Я не стал, чтобы убедиться в этом, рыться в постели: я просто отметил для себя, что на нем нет ни пояса, ни кинжала. И прикрыл его одеялом.

– Мой страх, в последнее время, – начал он снова, – был неоправданным…

Я поставил лампу на стул, чтобы отчетливо видеть лицо Аякса. А сам присел на край кровати, поближе к его голове. Какое-то время мышцы у него на лице оставались невыразительными и вялыми.

– Я собирался лечь спать, – сказал я, чтобы он как-то объяснил свое поведение.

– Надеюсь, я тебе не помешаю, – ответил он, – здесь вполне хватит места для двоих.

– Аякс… – сказал я и почувствовал, как легкие опьяняющие пары совершенно меня покинули, как во мне начали бороться откровенное вожделение и несгибаемое отвращение… Сколько же времени прошло с тех пор, как я в последний раз соединял тепло другого человека со своим, чтобы надо мной выгнулся мягкий пещерный свод таинственной взаимной симпатии? Я не пытался скрыть от себя состояние глубокой униженности, до которого опустился Аякс. Губы мои растянулись в дурацкую, совершенно безответственную улыбку. (Смею надеяться, что эта улыбка была еще и детской, смущенной.)

«Такое удовольствие, – мелькнула у меня в голове более разумная мысль, – можно купить в вечерней темноте городского перекрестка всего за несколько купюр; Аякс тоже не потребует большего». (Но сам я не был тем опытным мужчиной, который мог бы так думать; я никогда не упражнялся в подобных грехах.)

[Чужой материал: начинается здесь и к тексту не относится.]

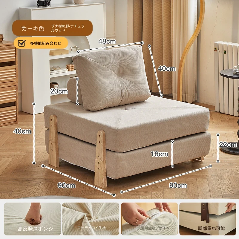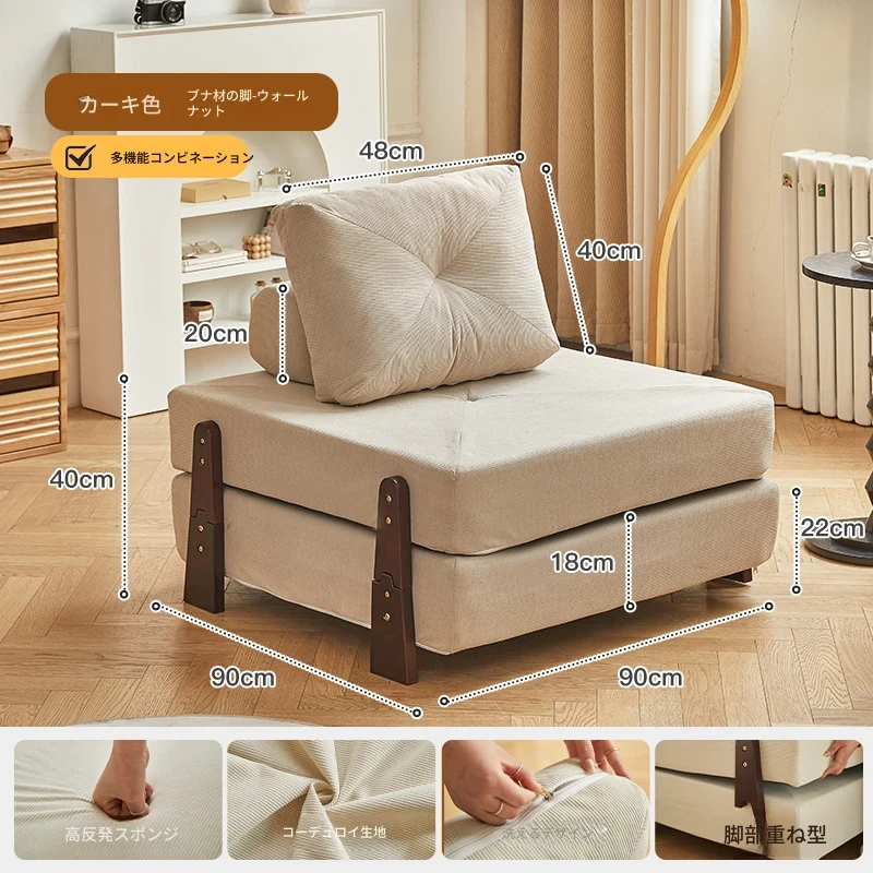 カーキ + ウォールナット色のビーチ材の脚【アップグレード版 睡眠可・リラックス可】
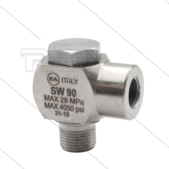 SW90 - Swivel - haaks - Messing / RVS - 250 Bar - 40 l/min - max 90°C - 30 tpm - 3/8" bu x 1/4" bi

– Аякс… почему наши отношения складываются именно так: почему мы вновь и вновь ловим себя на том, что являемся врагами, которые хотели бы нравиться друг другу?

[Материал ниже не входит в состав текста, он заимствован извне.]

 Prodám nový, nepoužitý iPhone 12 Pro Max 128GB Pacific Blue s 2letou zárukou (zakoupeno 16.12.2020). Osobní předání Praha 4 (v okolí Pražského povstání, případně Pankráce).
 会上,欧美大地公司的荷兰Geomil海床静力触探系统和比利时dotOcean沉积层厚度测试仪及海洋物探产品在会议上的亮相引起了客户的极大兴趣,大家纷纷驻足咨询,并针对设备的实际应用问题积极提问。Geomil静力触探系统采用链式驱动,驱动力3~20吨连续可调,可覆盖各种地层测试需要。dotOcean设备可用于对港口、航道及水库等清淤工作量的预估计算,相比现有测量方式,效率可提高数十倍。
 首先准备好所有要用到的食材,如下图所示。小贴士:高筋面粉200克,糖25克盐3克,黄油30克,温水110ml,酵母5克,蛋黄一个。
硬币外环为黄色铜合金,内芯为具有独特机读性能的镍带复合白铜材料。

– Ты в самом деле… очень добросовестно… и обстоятельно… это выразил. – Произнося свою фразу, он несколько раз попытался сглотнуть комочек слюны, образовавшийся во рту. Его адамово яблоко двигалось. Наверное, шея у него в последнее время похудела, потому что щитовидный хрящ – выступ гортани – теперь отчетливо выделялся. – Но речь ведь идет не о дружбе или вражде, а единственно о порочном удовольствии. О том, смогу ли я, по крайней мере… по крайней мере… добиться от тебя этого.

– Порочного удовольствия?.. – переспросил я, все еще улыбаясь, но чувствуя, как горят мои уши. – А почему недостаточно, чтобы мы были просто дружелюбны друг к другу?

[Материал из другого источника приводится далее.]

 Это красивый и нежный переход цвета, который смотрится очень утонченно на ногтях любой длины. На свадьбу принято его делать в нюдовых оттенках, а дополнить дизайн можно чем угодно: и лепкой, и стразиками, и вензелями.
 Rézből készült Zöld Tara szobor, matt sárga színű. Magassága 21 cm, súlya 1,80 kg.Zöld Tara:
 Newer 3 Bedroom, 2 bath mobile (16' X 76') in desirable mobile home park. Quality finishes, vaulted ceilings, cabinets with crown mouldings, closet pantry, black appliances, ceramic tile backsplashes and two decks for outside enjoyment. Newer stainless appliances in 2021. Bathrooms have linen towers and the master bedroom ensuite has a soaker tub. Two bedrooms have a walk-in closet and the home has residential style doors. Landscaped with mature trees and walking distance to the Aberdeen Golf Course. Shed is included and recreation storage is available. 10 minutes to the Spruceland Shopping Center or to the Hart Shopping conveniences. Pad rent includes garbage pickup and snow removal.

– Не притворяйся, – оборвал он меня, – ты прекрасно это понимаешь. Мы все это понимаем. В той или иной степени. Мы все вынуждены делать постыдные вещи, потому что каждый из нас – это лишь пучок неисполнимых желаний – насквозь несчастный и одинокий, как цепная собака в будке. Мы не можем вести себя по-другому.

– Но то, что ты предлагаешь, не так уж и постыдно, – живо отреагировал я. (Побуждаемый к тому скорее головным неприятием предрассудков, нежели чувственным влечением.) – Я в эту секунду подумал, что стоит мне протянуть руку, и я одним махом переменю свое прошлое и будущее. (Так уже было, не очень давно; и минутой позже это воображаемое движение показалось бы мне еще более естественным и драгоценным.) Я был уверен, что с соблазнительной отчетливостью различаю возможную награду за свое предательство – по отношению к кому? к чему?.. Но одновременно, посреди этой сцены поспешного искушения, мне явила себя холодная поверхность виновной неприступной силы, которая скрывается за вещами. И секунда закончилась моим промедлением.

– Для тебя, может, и нет, – ответил Аякс. – Ты в итоге только выиграешь.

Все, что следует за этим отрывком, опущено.